**DATA TO PROCESS:**
════

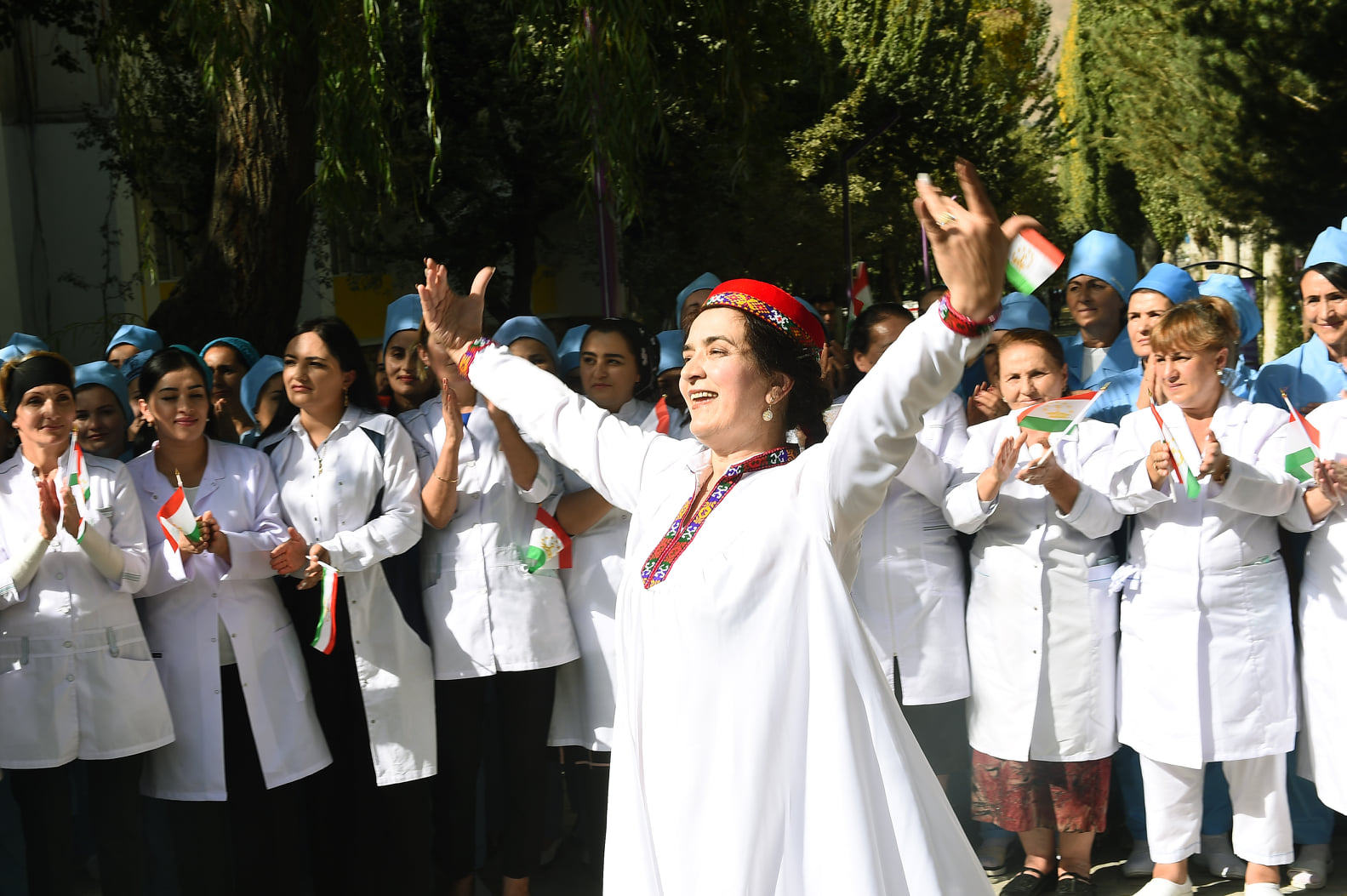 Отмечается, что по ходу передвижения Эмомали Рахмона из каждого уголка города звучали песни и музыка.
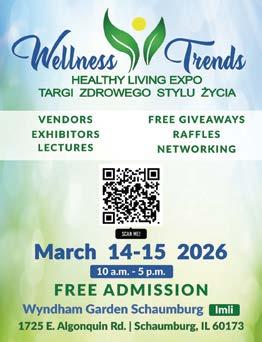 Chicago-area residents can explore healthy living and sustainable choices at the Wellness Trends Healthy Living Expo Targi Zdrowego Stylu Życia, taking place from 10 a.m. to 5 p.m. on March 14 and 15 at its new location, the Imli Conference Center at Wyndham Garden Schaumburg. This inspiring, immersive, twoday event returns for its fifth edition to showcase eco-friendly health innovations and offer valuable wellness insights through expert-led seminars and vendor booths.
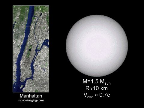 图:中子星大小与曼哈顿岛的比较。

════

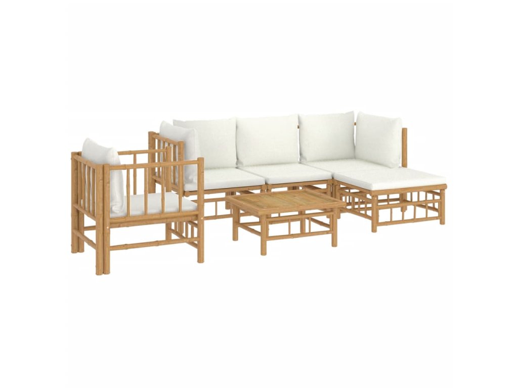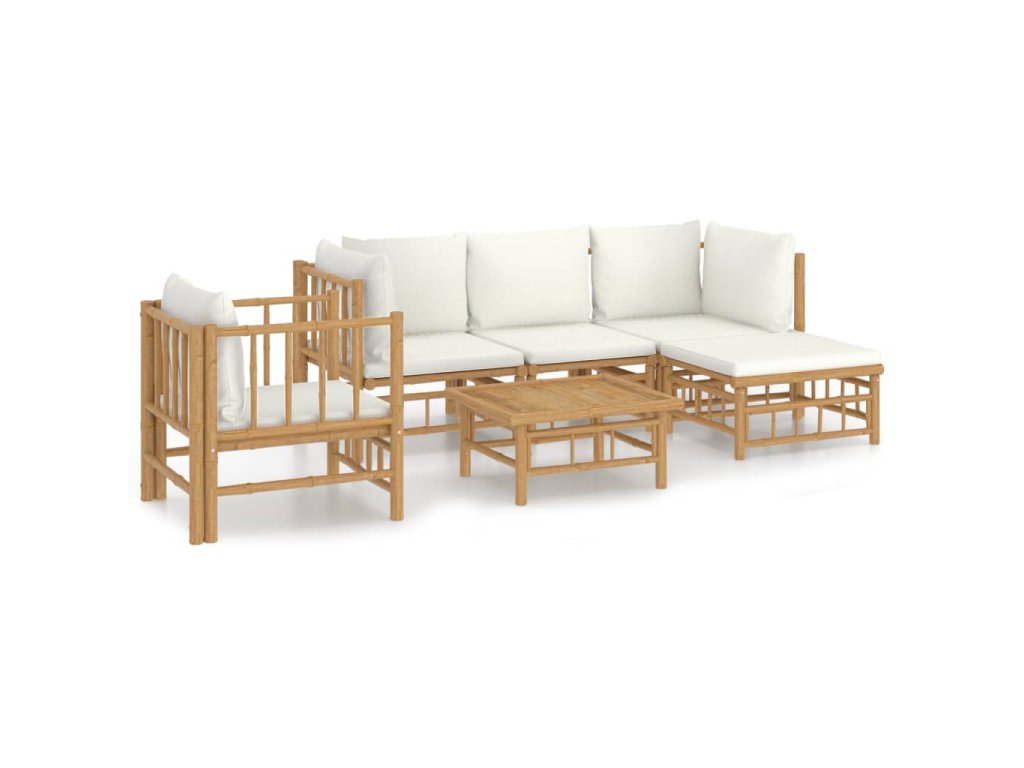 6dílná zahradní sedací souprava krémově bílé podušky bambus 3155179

════

Now transcribe the lines above exactly, starting at the line containing "Отмечается, что по" and ending at the line containing "图:中子星大小与曼哈顿岛的比较。", both lines included, pictures excluded.

**FINISHED TASK:**
 Отмечается, что по ходу передвижения Эмомали Рахмона из каждого уголка города звучали песни и музыка.
 Chicago-area residents can explore healthy living and sustainable choices at the Wellness Trends Healthy Living Expo Targi Zdrowego Stylu Życia, taking place from 10 a.m. to 5 p.m. on March 14 and 15 at its new location, the Imli Conference Center at Wyndham Garden Schaumburg. This inspiring, immersive, twoday event returns for its fifth edition to showcase eco-friendly health innovations and offer valuable wellness insights through expert-led seminars and vendor booths.
 图:中子星大小与曼哈顿岛的比较。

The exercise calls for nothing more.